Single by Plies

from the album Goon Affiliated
- Released: June 19, 2009
- Recorded: 2009
- Genre: Hip-hop
- Length: 3:24
- Label: Big Gates, Slip-n-Slide, Atlantic
- Songwriter(s): Algernod Washington, J. R. Rotem
- Producer(s): J.R. Rotem

Plies singles chronology
| "Plenty Money" (2009) | "Becky" (2009) | "Headboard" (2009) |

= Becky (song) =

"Becky" is the first single of Plies's fourth album, Goon Affiliated. The track was released on the internet by Plies via his Twitter.

The song had its radio station premiere on Power 107.1 in Macon, Georgia on June 23, 2009. The song has since sold over 2,789,000 copies, also peaked at number #1 on Bubbling Under Hot 100 and Hot R&B/Hip-Hop Songs.
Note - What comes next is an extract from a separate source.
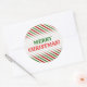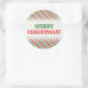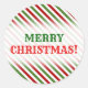 Esta design de etiqueta de Natal redonda apresenta um padrão de listras vermelhas, brancas e verdes. Estas são cores comumente associadas ao Natal. Também apresenta a saudação quente, "MERRY CHRISTMAS!", em texto vermelho e verde. [~Z0000114]

It's also the 6th time Plies and producer J.R. Rotem have worked together. They worked together on Plies previous singles "Bust It Baby Pt. 2" featuring Ne-Yo and "Want It, Need It" featuring Ashanti.

==Music video==
The video premiered on September 22, 2009. Freeway and Rick Ross make cameos appearances in the video. The song refers to a woman who is good at performing oral sex, in which "Becky" is a slang term.

==Chart performance==

| Chart (2009) | Peak position |
|---|---|
| U.S. Billboard Bubbling Under Hot 100 | 1 |
| U.S. Billboard Hot R&B/Hip-Hop Songs | 32 |

==Certifications==

| Region | Certification | Certified units/sales |
| United States (RIAA) | Gold | 500,000^{*} |
^{*} Sales figures based on certification alone.